Postmenopausal osteoporosis (PMO) resulting from estrogen withdrawal is the most common primary osteoporosis disease among older women. PMO is characterized by low bone mass and microarchitectural changes of cancellous bone with low bone mineral density (BMD) (i.e., T scores less than −2.5) and subsequently increased susceptibility for osteoporotic fractures. Osteoporotic fractures are the most common complication resulting from PMO. Approximately 50-year-old white woman has a 15 to 20% lifetime risk of hip fracture . Approximately 1.5 million osteoporotic fractures per year caused by PMO occurred in the USA . More than 40% of Caucasian postmenopausal women are affected by osteoporosis; moreover, the number of postmenopausal women is expected to increase in the near future with increasingly aging populations [1, 3]. However, little is known about the mechanism of PMO, and effective treatment is limited. A randomized clinical trial conducted by Hinton et al. showed that muscle mass and BMD can be improved with resistance and weight-bearing exercise . Calcium and vitamin D treatments for preventing osteoporotic fractures have also been widely used in clinics. However, the effects of calcium and vitamin D treatments remain controversial. In a large randomized trial, Women’s Health Initiative investigators showed no significant effects on fractures in more than 36,000 postmenopausal women on calcium and vitamin D . Some drugs regulating bone remodeling, including bisphosphonates, denosumab, and teriparatide, showed positive effects on increasing bone formation; however, the costs of these drugs were too expensive and increased financial burdens. Therefore, there is an urgent need to determine the pathological mechanism of PMO to develop more effective therapeutic strategies.

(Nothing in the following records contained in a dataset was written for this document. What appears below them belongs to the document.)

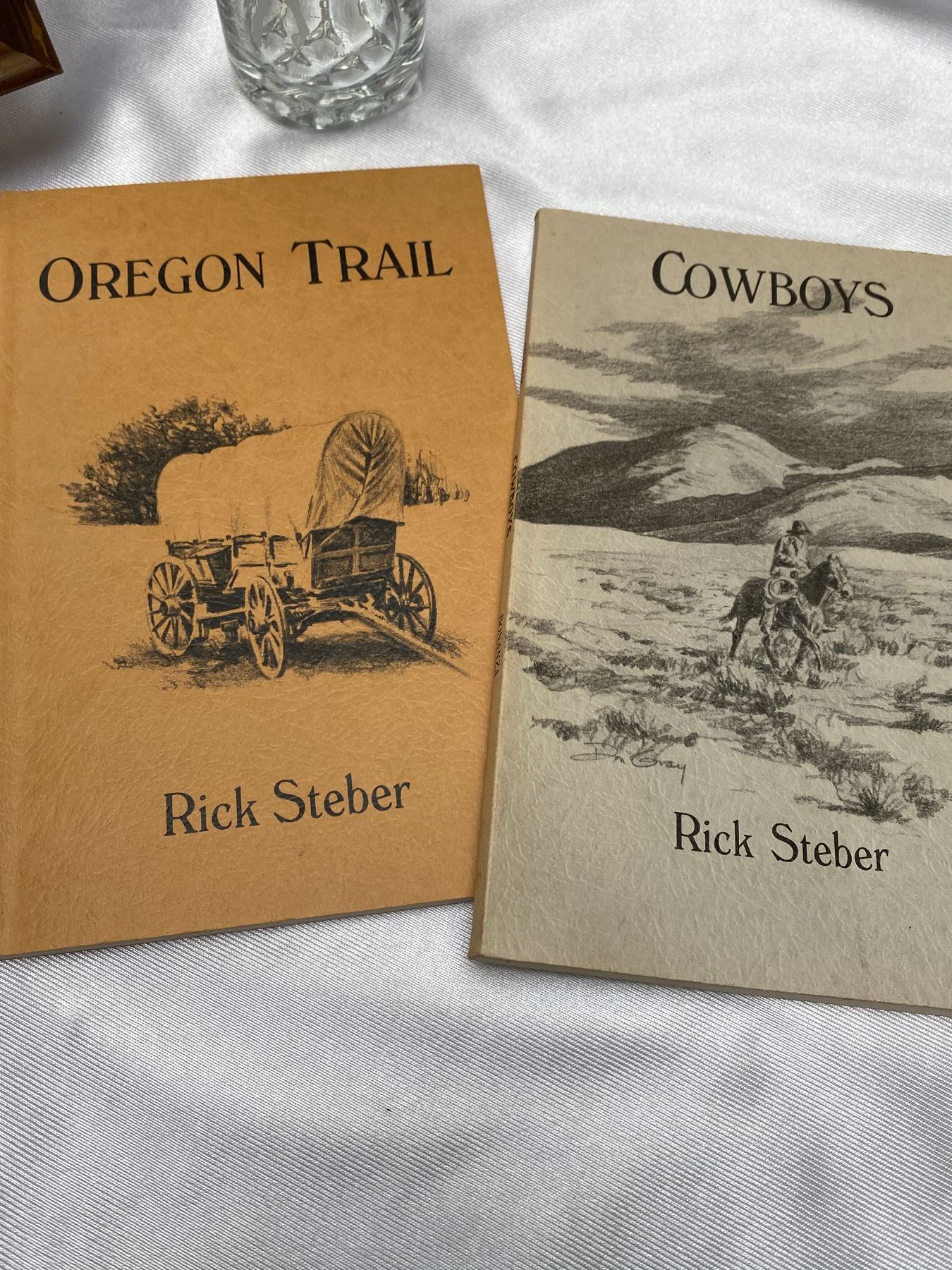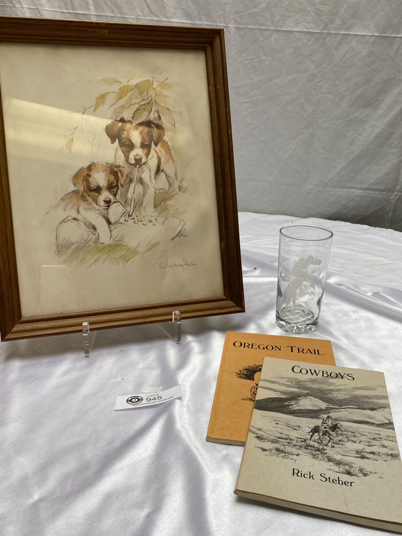 2 Signed Cowboy Books By Rick Stever A Jack Russel Puppies Framed Picture and Cowboy Glass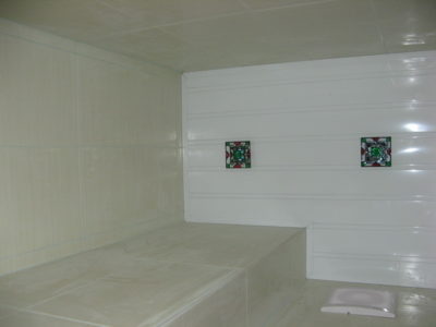 Наша компания выполнила ремонт туалета на улице Юных ленинцев. Мы отошли от принципов классического оформления стен в два цвета и облицевали боковые поверхности белоснежным кафелем. На пол уложена зеленая плитка с фактурным рисунком. С ее помощью также выделена туалетная зона. Защитный экран для коммуникаций замаскирован под общий интерьер. Потолок оформлен пластиковыми панелями со встроенными светильниками. Смета на ремонт — 28 тысяч рублей. Стоимость черновых материалов — 7600 р.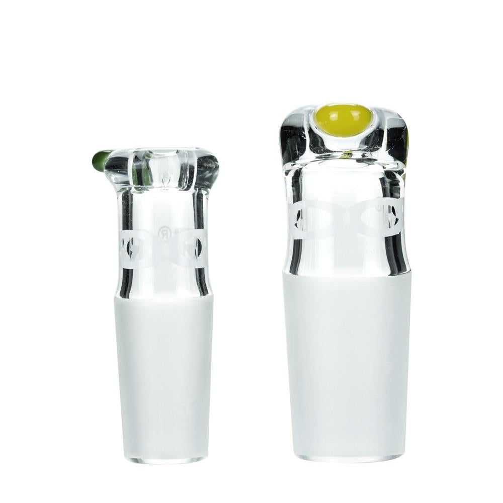 Plug the adaptor into the bong's joint to dramatically reduce the size of the hole so that the end of a rolled cone fits perfectly into it allowing you to draw the smoke through the water.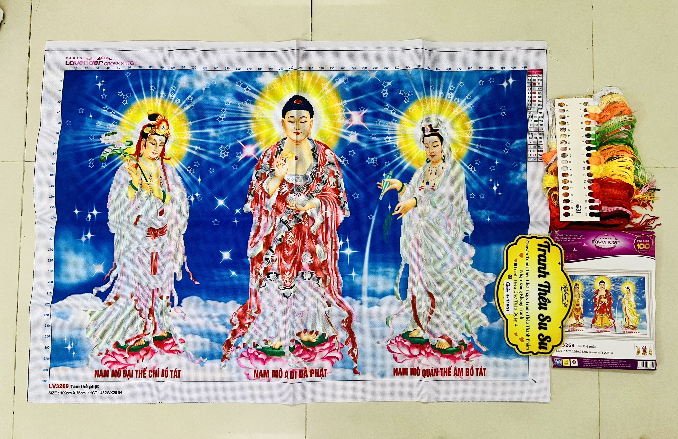 Tên tranh: Tranh thêu chữ thập Tam thế phật

Exosomes are 30- to 150-nm diameter extracellular vesicles . Exosomes contain endosome-derived components, including miRNA, non-coding RNA (ncRNA), and proteins [7, 8]. Recent studies have concluded that exosomes derived from stem cells can promote tissue regeneration in skin, cartilage, bones, and muscles [8,9,10,11]. Xiao et al. reported that cardiac progenitor cell-derived exosomal miR-21 can decrease oxidative stress to protect myocardium by targeting Programmed Cell Death 4 (PDCD4) . Kuang et al. showed that exosomes derived from Wharton’s jelly of human umbilical cord mesenchymal stem cells can transfer miR-21-5p and significantly reduce osteocyte apoptosis for the treatment of glucocorticoid-induced osteonecrosis of femoral heads in rats by activating the AKT serine/threonine kinase (AKT) signaling pathway . Liu et al. reported that stem cell-derived exosomes can promote cartilage regeneration . Although the effects of exosomes have been explored in tissue regeneration, few studies have investigated the molecular mechanisms of exosomes in bone metabolism, especially during PMO. As previously reported, the abnormal expansion of marrow adipose tissue and osteoblast proliferation and differentiation are key factors that promote the progression of PMO . In this study, we hypothesized that exosomes derived from bone marrow mesenchymal stem cells (BMSCs) may promote osteoblast proliferation and differentiation to inhibit PMO progression. Further, we hypothesized that exosomal miR-186 plays an important role in bone formation.
Material and methods
All animal procedures were performed according to the National Institutes of Health Guide for the Care and Use of Laboratory Animals. The Animal Care and Use Committee of Nankai Hospital approved this experimentation. We used forty 294 ± 11 g female 8-week-old Sprague Dawley (SD) rats. As previously reported, the PMO model was induced by a rat model of osteoporosis using ovariectomy (OVX) for 2 months . Rats with OVX were randomly and equally divided into four groups: (1) OVX + PBS group; (2) OVX + exosomes group; (3) OVX + exosomes + miR-186 inhibitor; and (4) OVX + miR-186 mimics. One hundred microliter (about 1013/mL) exosomes were used for the treatment of OVX rats with tail vein injection once a week. And 50 μM miR-186 mimics or inhibitor were used in OVX rats with tail vein injection once a week. When the rats were treated with different interventions for 28 days, all the rats between groups were sacrificed for experiment. Cervical dislocation was used for rat’s euthanasia. And 10% 350 mg/kg chloral hydrate (intraperitoneal injection) was used for anesthesia. Bones of the lower extremities were collected for subsequent experiments.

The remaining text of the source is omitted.